Hob shoots him a concerned look. "Right now?"
"At your earliest convenience."
"Okay, hold on a sec. I'll pull over as soon as I can. You can't get motion sickness, can you?"
"No. You need not worry."
Within a minute, Hob stops where the road is wide enough at what appears to be a lookout point. Maybe Dream will admire the scenery a bit later.
As he pulls the handbrake, Hob asks, "So what's going—"
Dream launches himself from his seat across the centre console (or maybe he moved through the Dreaming) and lands in Hob's lap, silencing him with a kiss. His lover tastes after tea and biscuits, soothingly familiar, and when he has to resurface for air, Dream purrs, "Nothing is going on. Only that you, Hob Gadling, are driving me mad."

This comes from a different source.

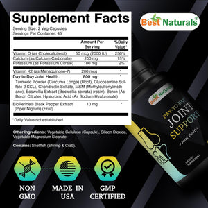 {"id":9134912897241,"title":"Best Naturals Day-to-Day Joint Support 90 Veg Capsules - Made with Vitmain D, K2, Calcium, Potassium, Turmeric, Glucosamine, Chondroitin, MSM","handle":"best-naturals-day-to-day-joint-support-90-veg-capsules-made-with-vitmain-d-k2-calcium-potassium-turmeric-glucosamine-chondroitin-msm","description":"\u003cdiv id=\"productDescription_feature_div\" class=\"celwidget\" data-feature-name=\"productDescription\" data-csa-c-type=\"widget\" data-csa-c-content-id=\"productDescription\" data-csa-c-slot-id=\"productDescription_feature_div\" data-csa-c-asin=\"\" data-csa-c-is-in-initial-active-row=\"false\" data-cel-widget=\"productDescription_feature_div\" data-csa-c-id=\"vs1mu-f2k6kl-b40wck-wob93s\"\u003e\n\u003cdiv\u003e\n\u003cdiv data-feature-name=\"productDescription\" data-template-name=\"productDescription\" id=\"productDescription_feature_div\" class=\"a-row feature\" data-cel-widget=\"productDescription_feature_div\"\u003e\n\u003cdiv id=\"productDescription\" class=\"a-section a-spacing-small\"\u003e\n\u003cp\u003e\u003cspan\u003eBest Naturals Day-to-Day Joint Support is a comprehensive joint health supplement designed to provide your body with the nutrients it needs for optimal joint comfort and mobility. This powerful formula combines key ingredients such as Vitamin D, K2, Calcium, Potassium, Turmeric, Glucosamine, Chondroitin, MSM, Boswellia, Bioperine, Hyaluronic Acid, and Boron. Each easy-to-swallow capsule is made in the USA with premium, non-GMO ingredients, ensuring high quality and safety.\u003c\/span\u003e\u003c\/p\u003e\n\u003c\/div\u003e\n\u003c\/div\u003e\n\u003c\/div\u003e\n\u003c\/div\u003e\n\u003cdiv id=\"btfSubNavDesktop_feature_div\" class=\"celwidget\" data-feature-name=\"btfSubNavDesktop\" data-csa-c-type=\"widget\" data-csa-c-content-id=\"btfSubNavDesktop\" data-csa-c-slot-id=\"btfSubNavDesktop_feature_div\" data-csa-c-asin=\"\" data-csa-c-is-in-initial-active-row=\"false\" data-cel-widget=\"btfSubNavDesktop_feature_div\" data-csa-c-id=\"vx31k4-3u78d4-wqol7-ii3621\"\u003e\n\u003cdiv id=\"btf-sub-nav-desktop-wrapper\" class=\"a-row a-size-base\" role=\"navigation\"\u003e\n\u003cnav id=\"btf-sub-nav-desktop-tabs\" class=\"\" aria-label=\"Navigate within the product detail page\"\u003e\u003c\/nav\u003e\u003cnav class=\"\" aria-label=\"Navigate within the product detail page\"\u003e\n\u003cul class=\"a-unordered-list a-vertical a-spacing-mini\"\u003e\n\u003cli class=\"a-spacing-mini\"\u003e\u003cspan class=\"a-list-item\"\u003eComprehensive Joint Formula: Contains a blend of vitamins, minerals, and herbal ingredients to support joint health.\u003c\/span\u003e\u003c\/li\u003e\n\u003cli class=\"a-spacing-mini\"\u003e\u003cspan class=\"a-list-item\"\u003eKey Nutrients: Includes Vitamin D, K2, Calcium, and Potassium to help maintain bone health and support overall joint function.\u003c\/span\u003e\u003c\/li\u003e\n\u003cli class=\"a-spacing-mini\"\u003e\u003cspan class=\"a-list-item\"\u003eJoint Support Complex: Features Glucosamine, Chondroitin, MSM, and Hyaluronic Acid to help support healthy cartilage and lubricate joints.\u003c\/span\u003e\u003c\/li\u003e\n\u003cli class=\"a-spacing-mini\"\u003e\u003cspan class=\"a-list-item\"\u003eEnhanced Absorption: Contains Bioperine for better nutrient absorption and utilization in the body.\u003c\/span\u003e\u003c\/li\u003e\n\u003cli class=\"a-spacing-mini\"\u003e\u003cspan class=\"a-list-item\"\u003eUSA-Made \u0026amp; Non-GMO: Manufactured in a GMP-certified facility with premium, non-GMO ingredients.\u003c\/span\u003e\u003c\/li\u003e\n\u003cli class=\"a-spacing-mini\"\u003e\u003cspan class=\"a-list-item\"\u003e90 Veg Capsules: Convenient and easy-to-take capsules for daily support.\u003c\/span\u003e\u003c\/li\u003e\n\u003c\/ul\u003e\n\u003c\/nav\u003e\n\u003c\/div\u003e\n\u003c\/div\u003e","published_at":"2025-03-10T15:29:05-04:00","created_at":"2025-03-10T15:29:05-04:00","vendor":"shopbestnaturals.com","type":"","tags":[],"price":2799,"price_min":2799,"price_max":2799,"available":true,"price_varies":false,"compare_at_price":3699,"compare_at_price_min":3699,"compare_at_price_max":3699,"compare_at_price_varies":false,"variants":[{"id":46457561514201,"title":"Default Title","option1":"Default Title","option2":null,"option3":null,"sku":"840274307869","requires_shipping":true,"taxable":true,"featured_image":null,"available":true,"name":"Best Naturals Day-to-Day Joint Support 90 Veg Capsules - Made with Vitmain D, K2, Calcium, Potassium, Turmeric, Glucosamine, Chondroitin, MSM","public_title":null,"options":["Default Title"],"price":2799,"weight":147,"compare_at_price":3699,"inventory_management":"shopify","barcode":"840274307869","requires_selling_plan":false,"selling_plan_allocations":[]}],"images":["\/\/shopbestnaturals-com.myshopify.com\/cdn\/shop\/files\/Banner-01_09ad49a0-64d4-487d-b415-0ab989b66933.jpg?v=1749678015","\/\/shopbestnaturals-com.myshopify.com\/cdn\/shop\/files\/Banner-04_ac187a20-15de-4e92-be74-293ca31d46ab.jpg?v=1749678016","\/\/shopbestnaturals-com.myshopify.com\/cdn\/shop\/files\/Banner-05_fe4e72d7-3095-4c3d-b2c4-0c572b54f44d.jpg?v=1749678017","\/\/shopbestnaturals-com.myshopify.com\/cdn\/shop\/files\/Banner-06_f4114e0c-f8a5-43ad-8949-517b8357ec9e.jpg?v=1749678019","\/\/shopbestnaturals-com.myshopify.com\/cdn\/shop\/files\/Banner-03_dabfbb33-f1ba-43cf-a647-d8d40ebf129f.png?v=1749678021","\/\/shopbestnaturals-com.myshopify.com\/cdn\/shop\/files\/Banner-02_6b683242-f0de-4029-bb0e-7dc2b045b06a.png?v=1749678024"],"featured_image":"\/\/shopbestnaturals-com.myshopify.com\/cdn\/shop\/files\/Banner-01_09ad49a0-64d4-487d-b415-0ab989b66933.jpg?v=1749678015","options":["Title"],"media":[{"alt":null,"id":36847989719257,"position":1,"preview_image":{"aspect_ratio":1.0,"height":1500,"width":1500,"src":"\/\/shopbestnaturals-com.myshopify.com\/cdn\/shop\/files\/Banner-01_09ad49a0-64d4-487d-b415-0ab989b66933.jpg?v=1749678015"},"aspect_ratio":1.0,"height":1500,"media_type":"image","src":"\/\/shopbestn

Fumbling with the key behind Dream's back, Hob manages to turn off the engine. "You're a menace, dove. This the true reason you were avoiding cars? Mortally attracted to whoever's driving?"
"No."
Dream locks his lips against Hob's again, fingers going through his hair, and wriggles in his lap until he can feel Hob's growing interest and hear his heartbeat quickening.
"Whoa, if you keep this on, it might lead to some public indecency. Unless you get back in your seat and I'll just hide my head in between your pretty legs—" Dream just grinds against him with a wicked smile. "—Nnnghh—"
"That will not be necessary, lover. I am satisfied now—"
With one hand on his back and the other on Dream’s thigh, Hob rocks his hips upwards and groans, "Well that was fast."
"—that you will have to suffer for the rest of the way just as I do."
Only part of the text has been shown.